- Task to complete: Please give all of the data again, character for character, and drop the pictures.

- Records provided:
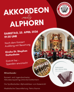 Am Freitag, den 27.03.2026 findet im Proberaum des Akkordeonspielrings Umkirch/Gottenheim e.V. (Vereinsheim, Schulstr. 17, 79288 Gottenheim) um 20 Uhr die Generalversammlung für das Vereinsjahr 2025 statt. Hierzu sind alle Mitglieder, Freunde und Gönner des Vereins recht herzlich eingeladen! Tagesordnung: 1. Begrüßung durch den 1. Vorsitzenden 2. Tätigkeitsbericht 2025 3. Bericht der Jugendleiterin 4. Bericht der …
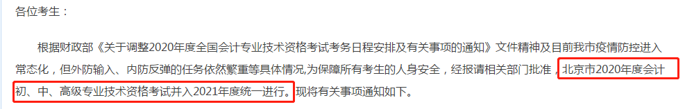 北京市會計資格考試并入2021年度統(tǒng)一進行
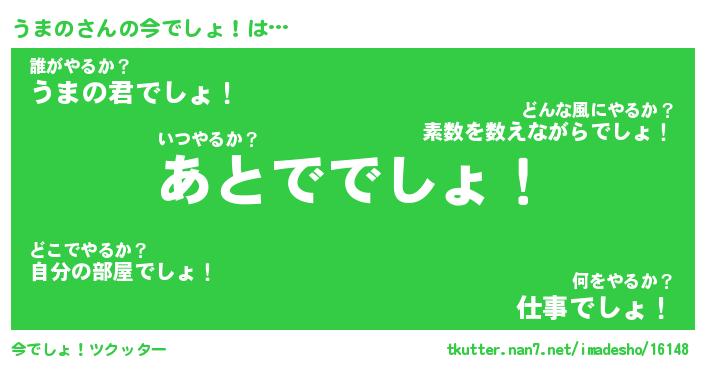 | 2回繰り返すあだ名 | 『うまうま』『ううまま』『いらいら』 |
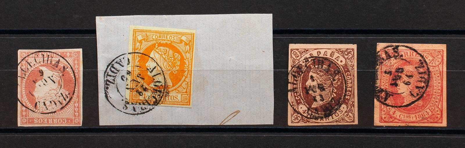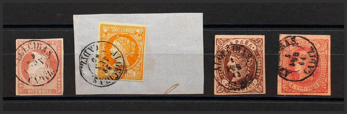48, 52, 58, 64. (1855ca). Conjunto de cuatro sellos del 4 cuartos rojo, amarillo, castaño y rosa, inutilizados con el matasello ALGECIRAS / CADIZ. MAGNIFICO.
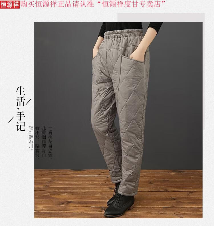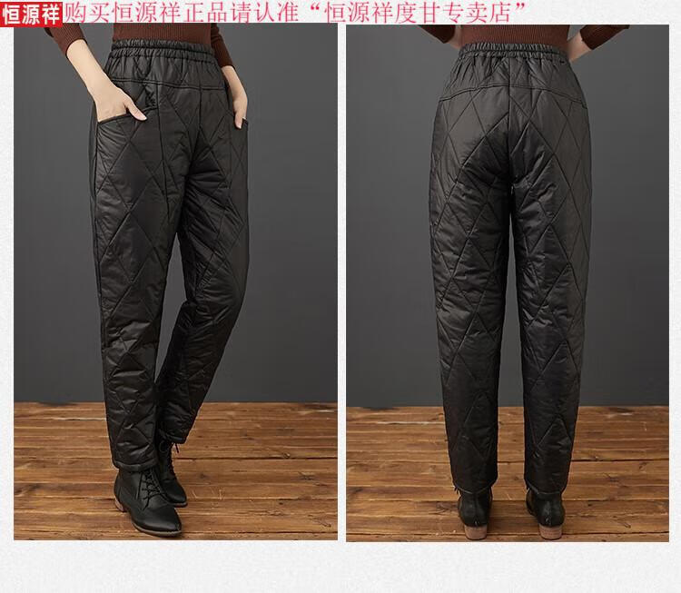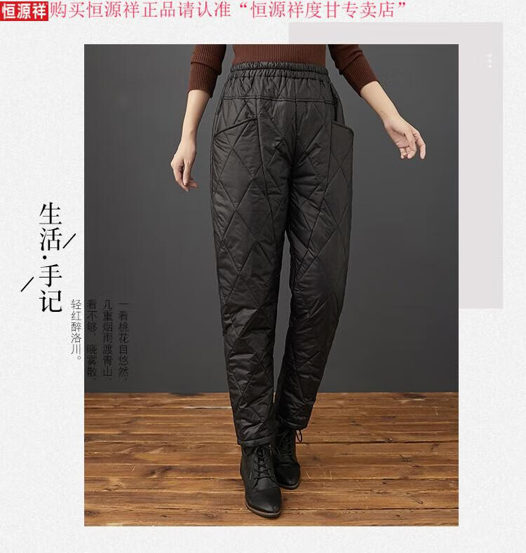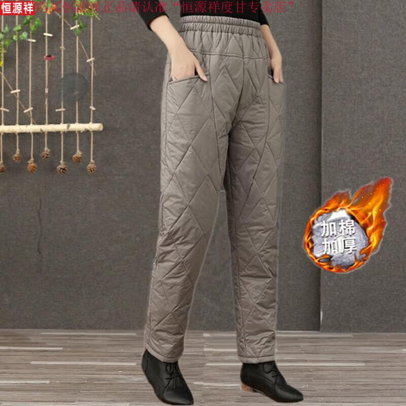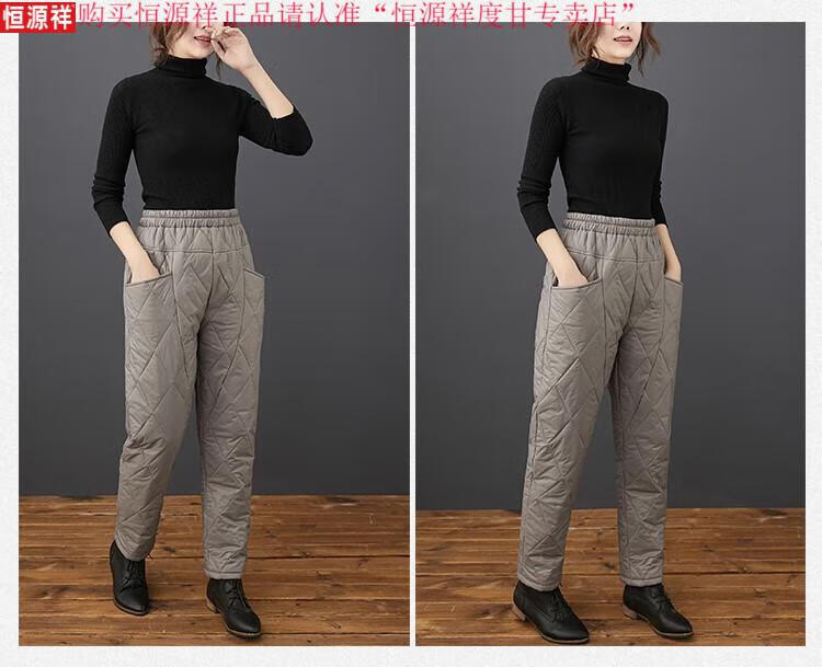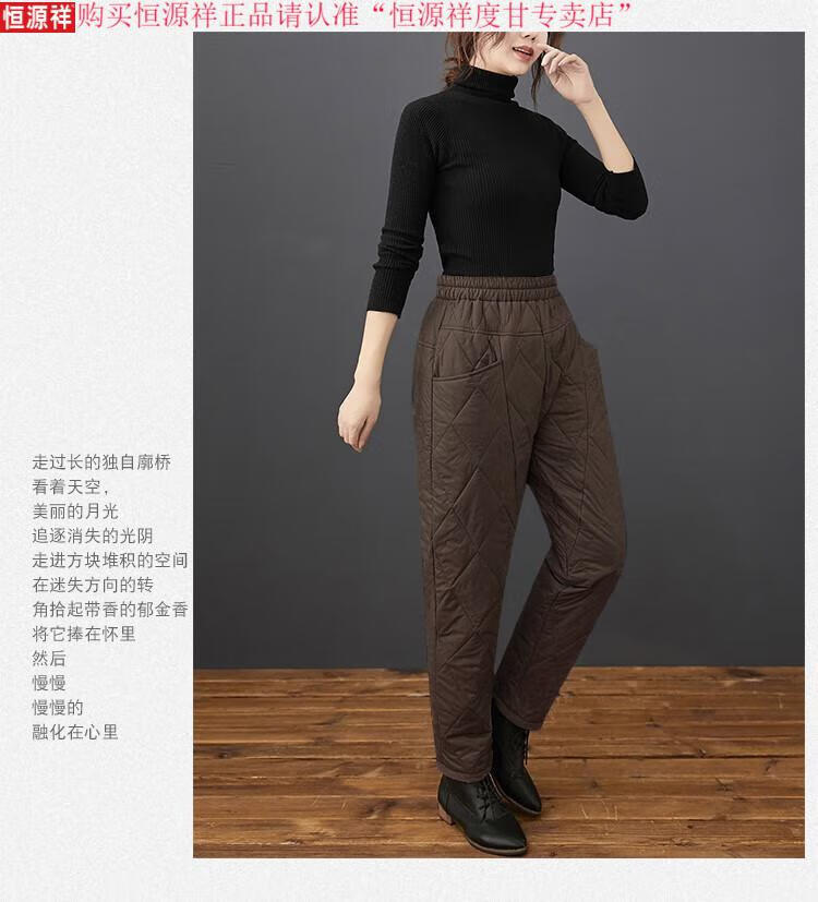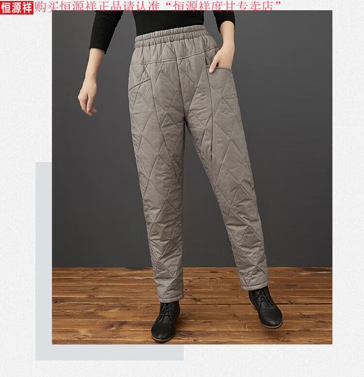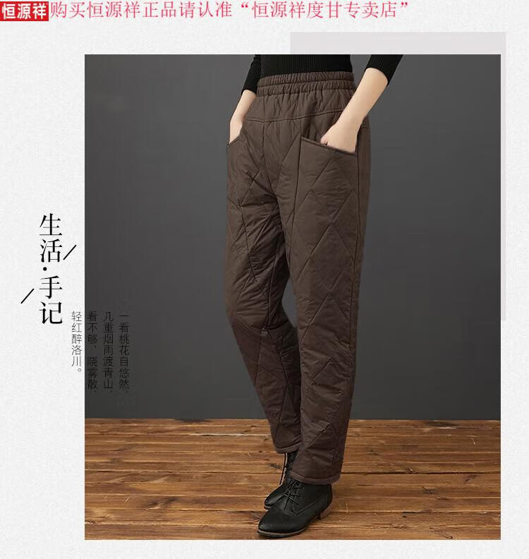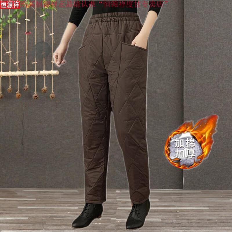 Hengyuanxiang's new winter new lightweight quilted down cotton pants for women to wear high-waisted slim warm pants rhombus pattern small leg trousers brown XL recommended 130-150Jin Jin equals 0.5 kg
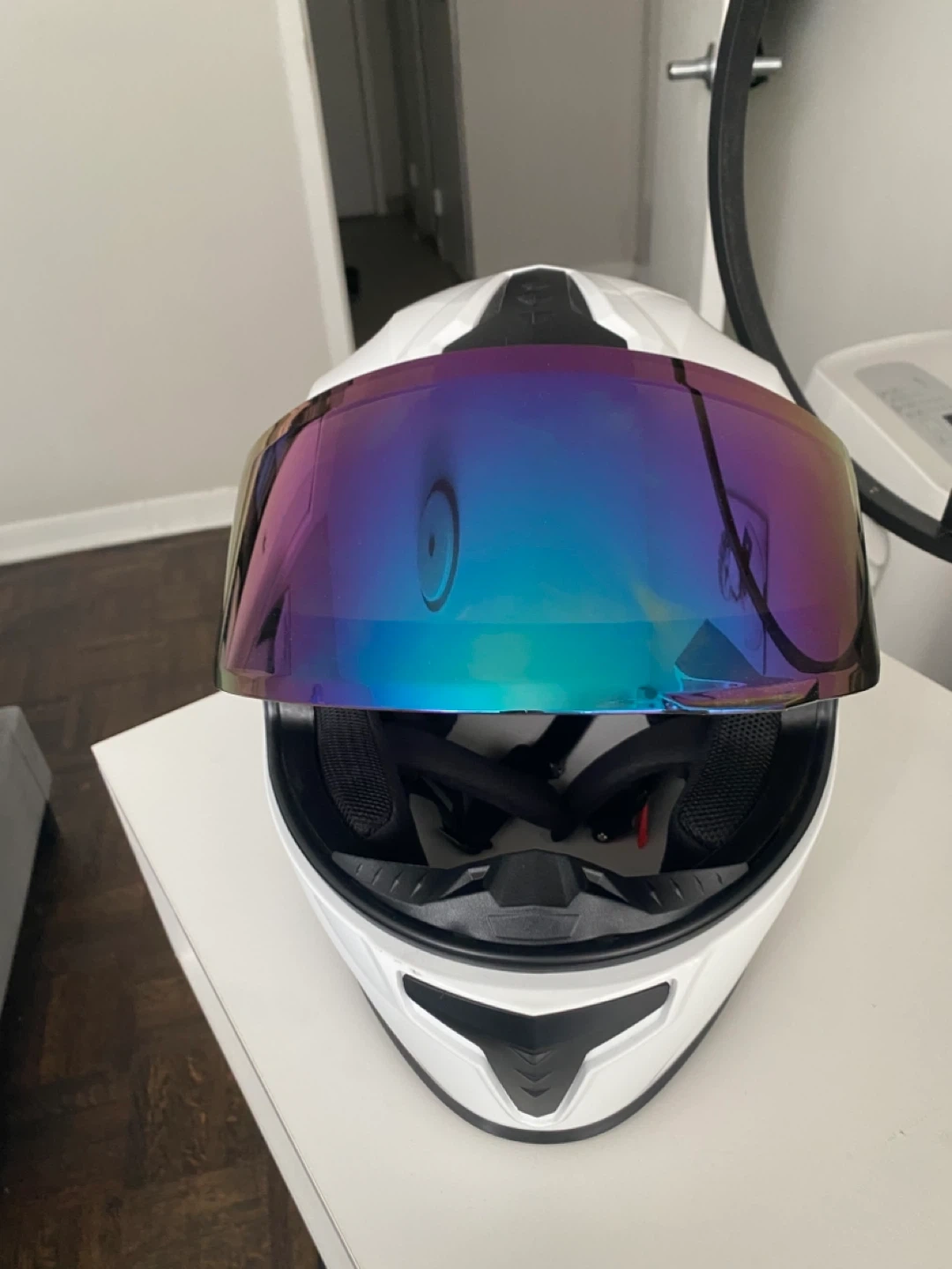 Selling a full-face motorcycle helmet in excellent condition. It was only worn once for a video commercial shoot, so it’s basically brand new.
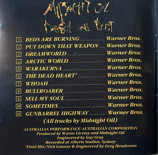 Midnight Oil - Diesel And Dust (CD, Album) (Very Good Plus (VG+))
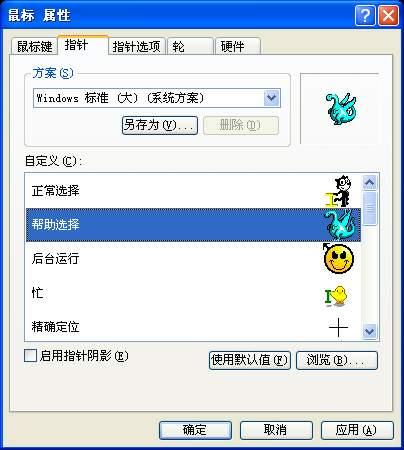 再依次單擊“開始→設置→控制面板”,雙擊“鼠標”打開“鼠標屬性”,從“指針”選項卡中點“瀏覽”按鈕(圖2),定位到上述文件夾中的鼠標指針文件并“確定”,就可擁有漂亮的鼠標指針啦。
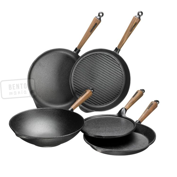 Aby to zrobić nalej niewielką ilość oleju rzepakowego do suchego naczynia, a następnie rozgrzej patelnię do wysokiej temperatury. Pamiętaj, aby naczyń z drewnianą rączką nie ogrzewać w piekarniku/piecu! Po około 10-15 minutach usuń nadmiar oleju. Naczynie powinno mieć kolor czarny co oznacza, że jest ponownie gotowe do użycia.
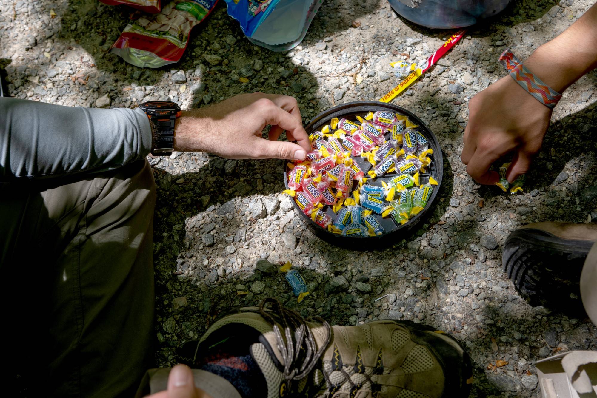 Students were empowered to decide what they needed to pack based on what they were willing to carry in their backpacks. As part of this process, this group takes turns choosing their favorite flavors from a bag of Jolly Ranchers.
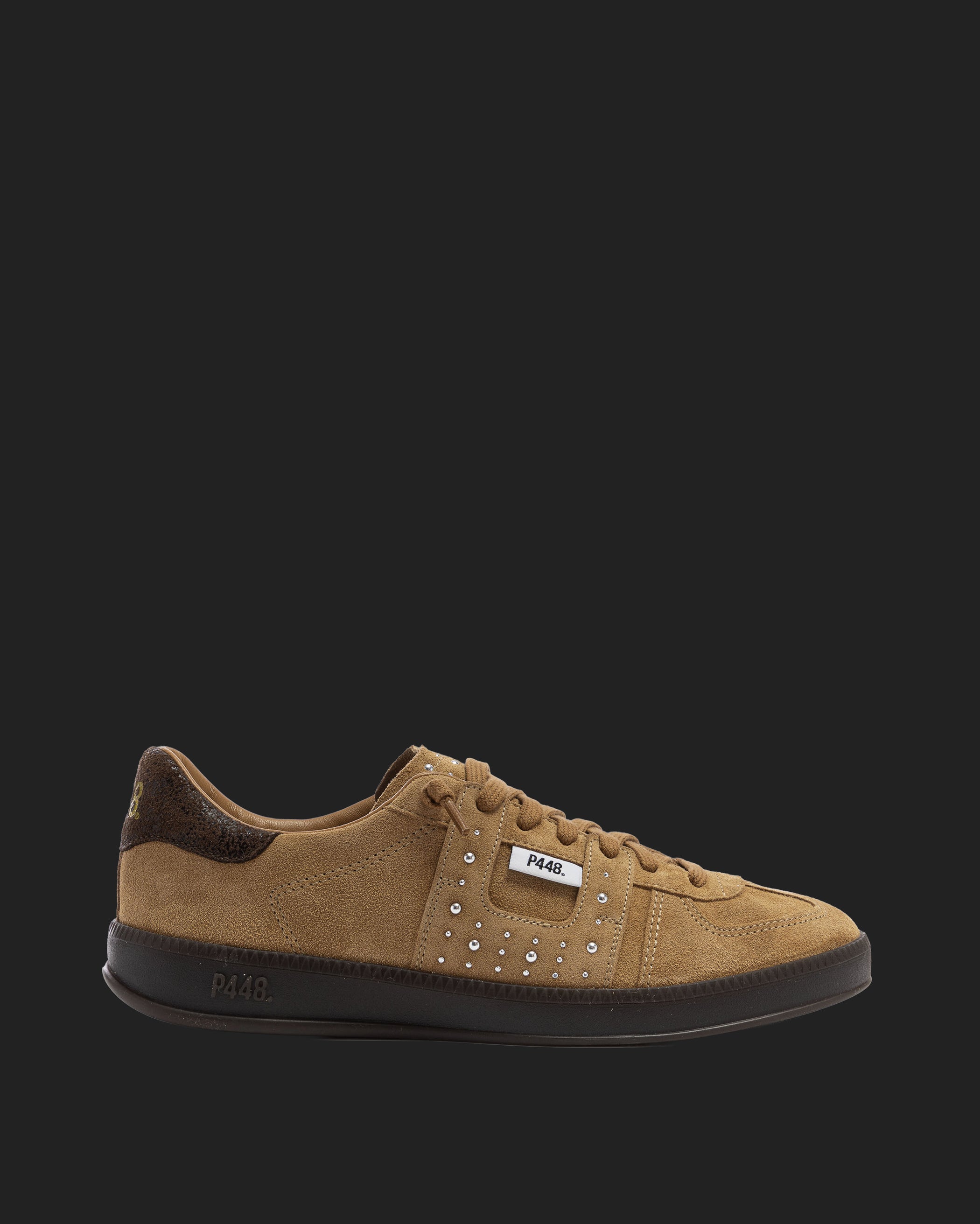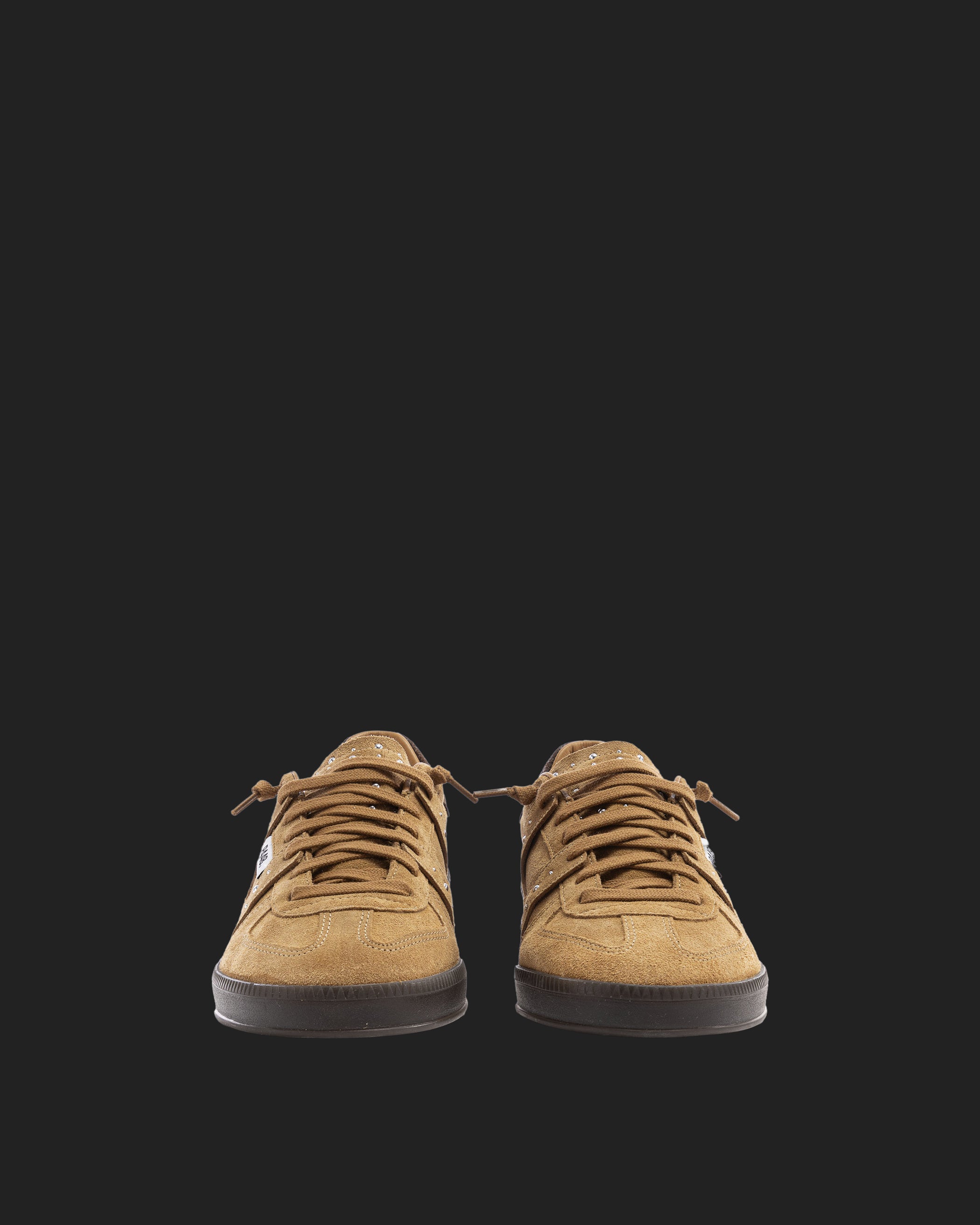 The Monza Glitterfine brings subtle shine to an all-white leather look with a gold glitter-finished beige suede toe, trim and heel tab. White cotton laces and an amber rubber sole finish off the look.
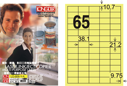 商品名稱:龍德 LD-806-Y-A A4三用電腦標籤 淺黃色 / 盒
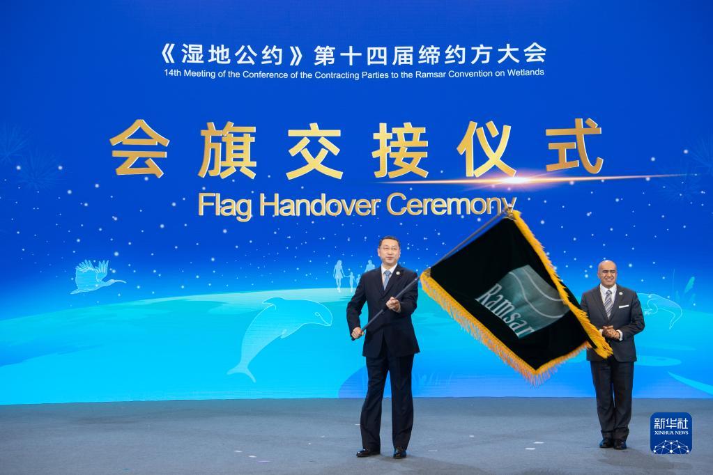 11月5日在《濕地公約》第十四屆締約方大會(huì )開(kāi)幕式上拍攝的會(huì )旗交接儀式。
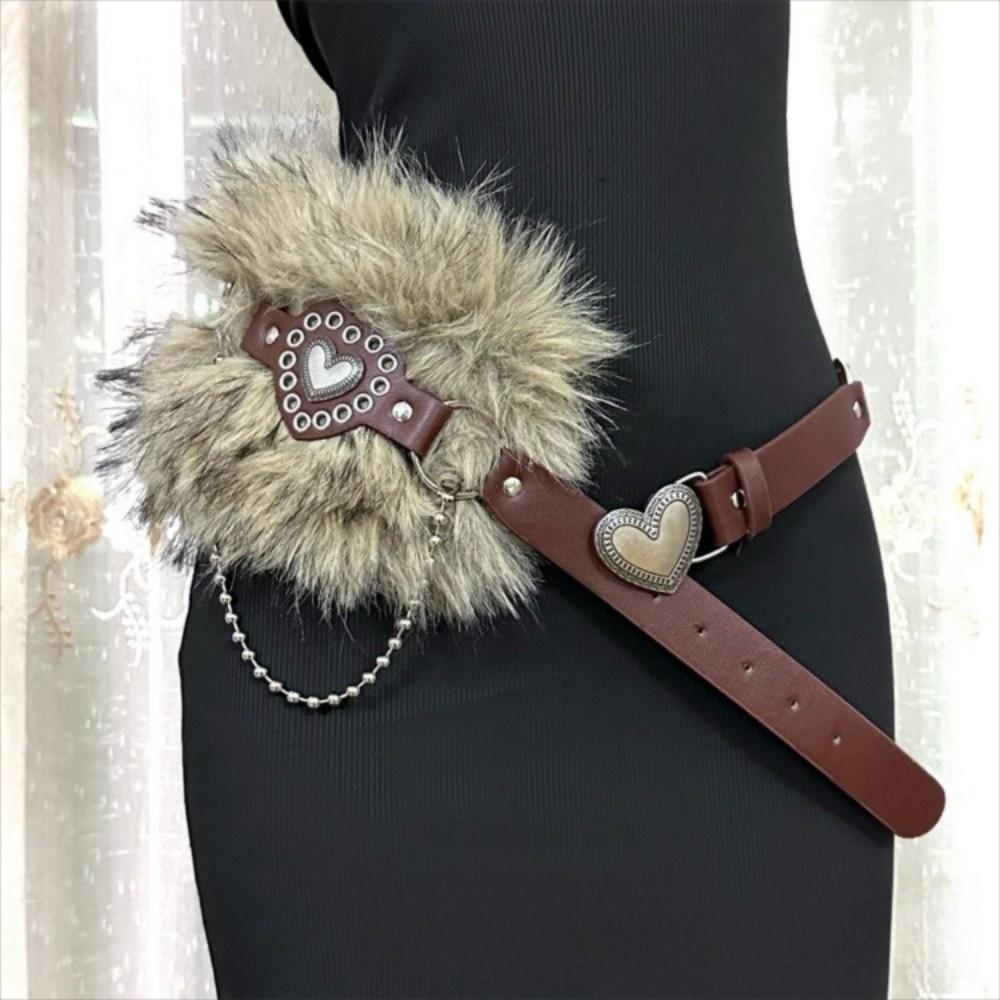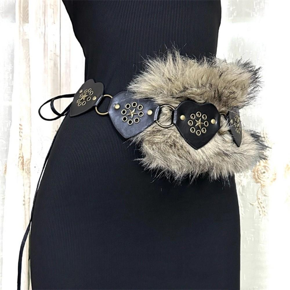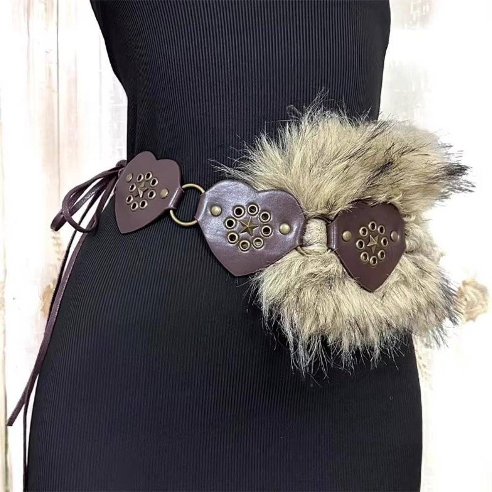 Patchwork Heart Waist Belt Faux Fur Brown Rivet Belt Fashion Women Waistband Waist Accessories

- Answer box:
 Am Freitag, den 27.03.2026 findet im Proberaum des Akkordeonspielrings Umkirch/Gottenheim e.V. (Vereinsheim, Schulstr. 17, 79288 Gottenheim) um 20 Uhr die Generalversammlung für das Vereinsjahr 2025 statt. Hierzu sind alle Mitglieder, Freunde und Gönner des Vereins recht herzlich eingeladen! Tagesordnung: 1. Begrüßung durch den 1. Vorsitzenden 2. Tätigkeitsbericht 2025 3. Bericht der Jugendleiterin 4. Bericht der …
 北京市會計資格考試并入2021年度統(tǒng)一進行
 | 2回繰り返すあだ名 | 『うまうま』『ううまま』『いらいら』 |
48, 52, 58, 64. (1855ca). Conjunto de cuatro sellos del 4 cuartos rojo, amarillo, castaño y rosa, inutilizados con el matasello ALGECIRAS / CADIZ. MAGNIFICO.
 Hengyuanxiang's new winter new lightweight quilted down cotton pants for women to wear high-waisted slim warm pants rhombus pattern small leg trousers brown XL recommended 130-150Jin Jin equals 0.5 kg
 Selling a full-face motorcycle helmet in excellent condition. It was only worn once for a video commercial shoot, so it’s basically brand new.
 Midnight Oil - Diesel And Dust (CD, Album) (Very Good Plus (VG+))
 再依次單擊“開始→設置→控制面板”,雙擊“鼠標”打開“鼠標屬性”,從“指針”選項卡中點“瀏覽”按鈕(圖2),定位到上述文件夾中的鼠標指針文件并“確定”,就可擁有漂亮的鼠標指針啦。
 Aby to zrobić nalej niewielką ilość oleju rzepakowego do suchego naczynia, a następnie rozgrzej patelnię do wysokiej temperatury. Pamiętaj, aby naczyń z drewnianą rączką nie ogrzewać w piekarniku/piecu! Po około 10-15 minutach usuń nadmiar oleju. Naczynie powinno mieć kolor czarny co oznacza, że jest ponownie gotowe do użycia.
 Students were empowered to decide what they needed to pack based on what they were willing to carry in their backpacks. As part of this process, this group takes turns choosing their favorite flavors from a bag of Jolly Ranchers.
 The Monza Glitterfine brings subtle shine to an all-white leather look with a gold glitter-finished beige suede toe, trim and heel tab. White cotton laces and an amber rubber sole finish off the look.
 商品名稱:龍德 LD-806-Y-A A4三用電腦標籤 淺黃色 / 盒
 11月5日在《濕地公約》第十四屆締約方大會(huì )開(kāi)幕式上拍攝的會(huì )旗交接儀式。
 Patchwork Heart Waist Belt Faux Fur Brown Rivet Belt Fashion Women Waistband Waist Accessories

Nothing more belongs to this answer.